Las avecillas volaron asustadas de los árboles que parecían querer arrancarse desde sus profundas raíces para huir de la pugnaz sacudida que los agitaba, arrojando con vesania cientos de mezquites al suelo donde los vendedores de elotes se aferraban a sus puestos de lámina, que se movían cual nave sin vela, navegando sin más control que el de la violenta voluntad de la marea.
Aparentemente Cabracán por fin escuchó (o las leyes de la probabilidad simplemente actuaron con normalidad pese a lo posiblemente increíble de la coincidencia), y como reza el bélico himno que sin consciencia el resto de los niños eran obligados a cantar los lunes por la mañana, “retembló en sus centros la tierra”.
El campanario de la catedral, junto con la perezosa hormiga roja apocalíptica y solitaria que había tratado de postergar su fatídico destino por conmiseración a la raza humana o miedo al fin de los tiempos, cayeron en un rápido descenso que sepultó entre sus escombros a un niño gritón que saltaba como loco frente a la catedral invocando a uno de los hijos de Vucub Caquix.

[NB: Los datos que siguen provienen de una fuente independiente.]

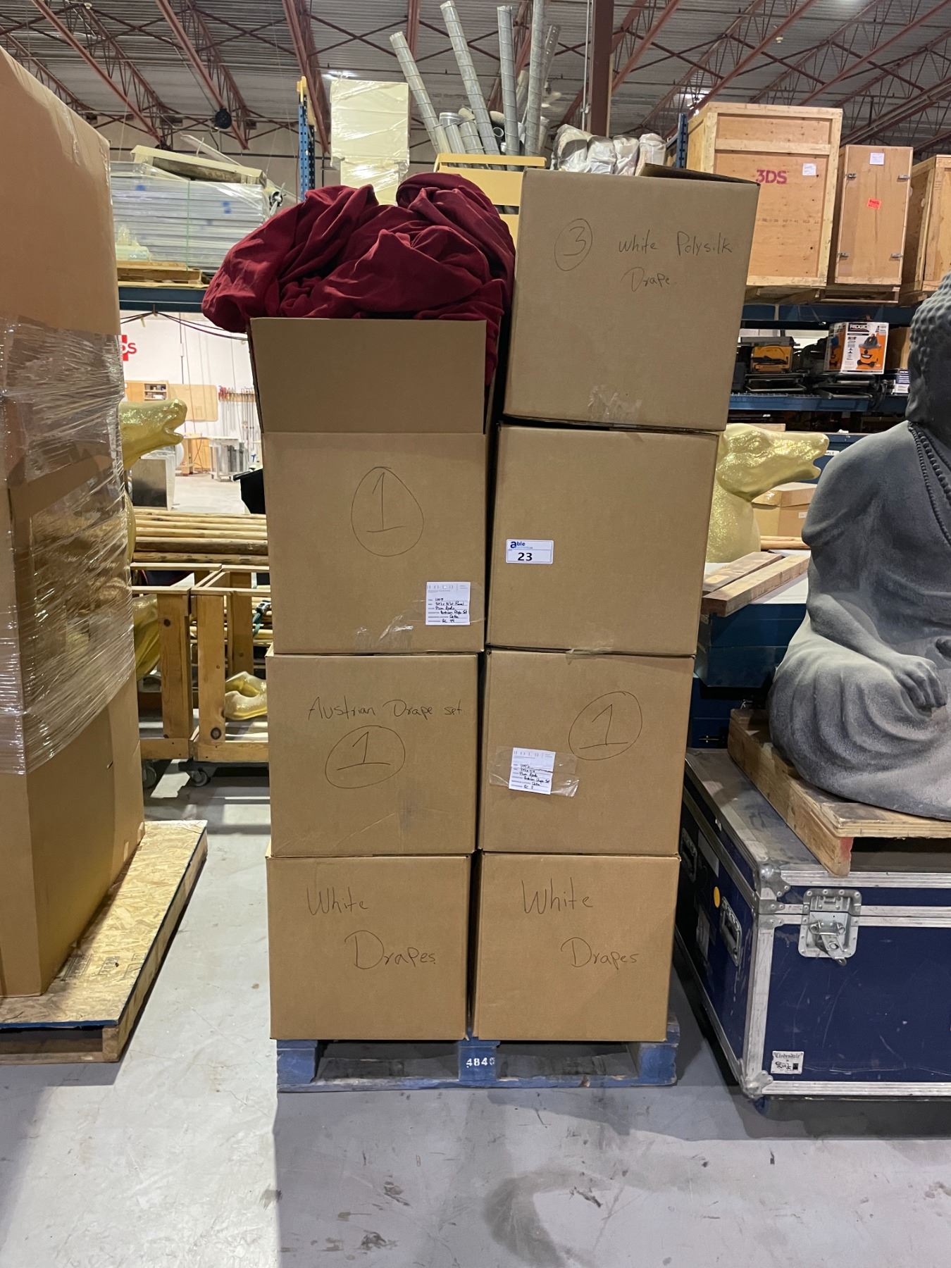 PALLET OF BOXES OF ASSORTED DECORATIVE DRAPES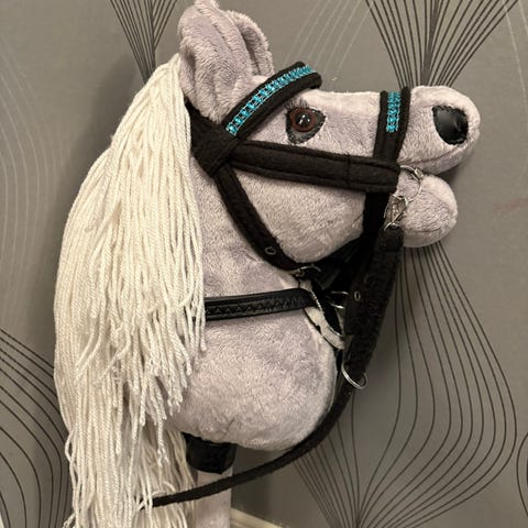 Dottern säljer en käpphäst med träns, grimma, grimskaft och ryktväska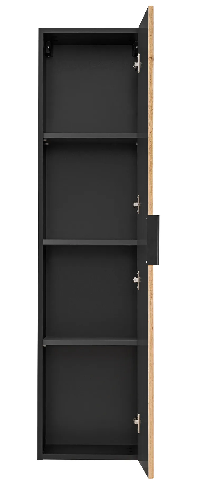 Bardzo mnie cieszy nabycie tego słupka do mojej łazienki. Czarne korpusy i fronty w kolorze Dąb wotan tworzą świetne połączenie. System domyku drzwi jest cichy i płynny, co mi się podoba, bo nie ma trzasku. Ogólnie bardzo przemyślany produkt, który świetnie się sprawdza. Porządny mebel w dobrej cenie.

Con el paso del tiempo, la catedral fue remodelada. Los lugareños aún recuerdan con exactitud la fecha por la decena de muertos que el terremoto dejó. El campanario fue remodelado, y la hormiga reubicada, esta vez, un poco más abajo para retrasar el inexorable fin de los tiempos.
Las voces de los locales y los turistas aseguran sin sustento que durante el terremoto, la hormiga ascendió con velocidad varios metros para evitar un retorno involuntario al Mictlantecuhtli, lo que reforzaba la necesidad de hacerla retroceder.
Pero el impaciente Meño sabría la verdad si todavía pudiera comer vainas verdes bajo el mezquite donde acostumbraba quedarse dormido cuando el dolor de panza cedía y los pies por fin se le entumían.
Sabría, desde la fresca sombra donde se escuchaba tan cercana pero inaccesible la felicidad, que la perezosa hormiga, cual omnímodo dios sordo, vio el derrumbe del campanario sin inmutarse, cayendo sobre la paupérrima constitución física de un inerme, pero satisfecho Meño que vio cumplida (al menos para él) la profecía de la hormiga roja.